According to Eddie Short, head of the information management practice at IT services group Capgemini, the average business leader wastes £800,000 a year by making the wrong decisions. There may be a fair few assumptions that go into calculating that figure (number of decisions, frequency of errors of judgement, etc) but it is perhaps a useful starting point when senior management are mulling over whether business intelligence tools can help them improve their capability to make the right choices.
Of course, real-world examples of the costliness of poor decision-making can be even more terrifying, Short suggests. For example, in 2004 Anglo-Dutch oil company Shell was hit with £83 million in fines, after it found that 20% of its ‘proven’ oil and gas reserves were not particularly proven – over 4.5 billion barrels were re-categorised as not commercially accessible. The resultant furore saw its share price battered, and senior executives – including the chairman, CFO and head of exploration – forced to leave the company.
“The real impact of consistently making wrong decisions is RIP: your business will be bought by competitors or by private equity [groups],” warns Short.
With hindsight, it is easy enough to point to the pitfalls of poor information in cases such as Shell, says Short, but business leaders should instead focus on what they can learn from successful organisations. There is a common theme emerging at today’s leading enterprises, he says: “The best, world-class businesses in every sector are focused on information.”
For Short, it is companies such as US financial services company Capital One which best embody the spirit of making information a core business asset. While the so-called ‘sub-prime’ lending market in the US is undergoing a period of upheaval, Capital One has consistently been able to identify which potential customers are likely to meet repayments, and weed out those that will not.
Such success is predicated on a board-level understanding of how good quality information and analysis can improve performance, says Short. But the flip side of this is that businesses have to invest both time and effort in ensuring that their information systems are providing information that can be relied upon. “Becoming an ‘intelligent enterprise’ – where information is at the heart of what the business does – is more than just implementing BI tools,” says Short.
Eddie Short
Head of information management, Capgemini
The difference between being ‘information-centric’ and ‘information-illiterate’, is highlighted by the competitive fallout in the UK utilities market, says Short. “Who is the most powerful company in that market?” he asks. In the information-centric view of the world, the answer has to be uSwitch – not a utilities company per se, but a consumer advice website that provides price comparisons for its users, allowing them to switch provider almost at will. “The utilities companies didn’t get it but they’re paying the price now: there’s no customer loyalty left,” says Short.
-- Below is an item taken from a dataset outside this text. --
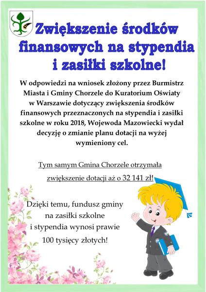 W odpowiedzi na wniosek złożony przez Burmistrz Miasta i Gminy Chorzele do Kuratorium Oświaty w Warszawie dotyczący zwiększenia środków finansowych przeznaczonych na stypendia i zasiłki szkolne w roku 2018, Wojewoda Mazowiecki wydał decyzję o zmianie planu dotacji na wyżej wymieniony cel.

Organisations are “overwhelmed” by data today, he explains, but simply adding technology is not going to help executives make sense of it. IT management needs to work alongside business colleagues to ensure that the right information is being delivered, and that consumers of the information have trust in its veracity.
In some companies, such initiatives have been instigated by charismatic leaders, who instinctively understand the importance of becoming information-centric. Short cites Randy Mott, now CIO at Hewlett-Packard, who has led information revolutions at both computer maker Dell and retailer Wal-Mart.
To its competitors, Dell’s success seemed to be predicated on building reasonable PCs and selling them cheaply; blindly copying that strategy resulted in IBM eventually having to exit the market with the sale of its PC division to China’s Lenovo, notes Short. In fact Dell’s success is based on becoming a virtually integrated data business, he says: being able to match customer requirements with business orders. Its control over information ensures that its operating costs are at an absolute minimum; indeed, it operates with negative working capital.
However, not all companies can count on having an information visionary at the helm, says Short. Rather, they can play in the same league by ensuring that the processes behind their decision making are sown through with reliable, consistent data and supported by BI tools to make sense of that.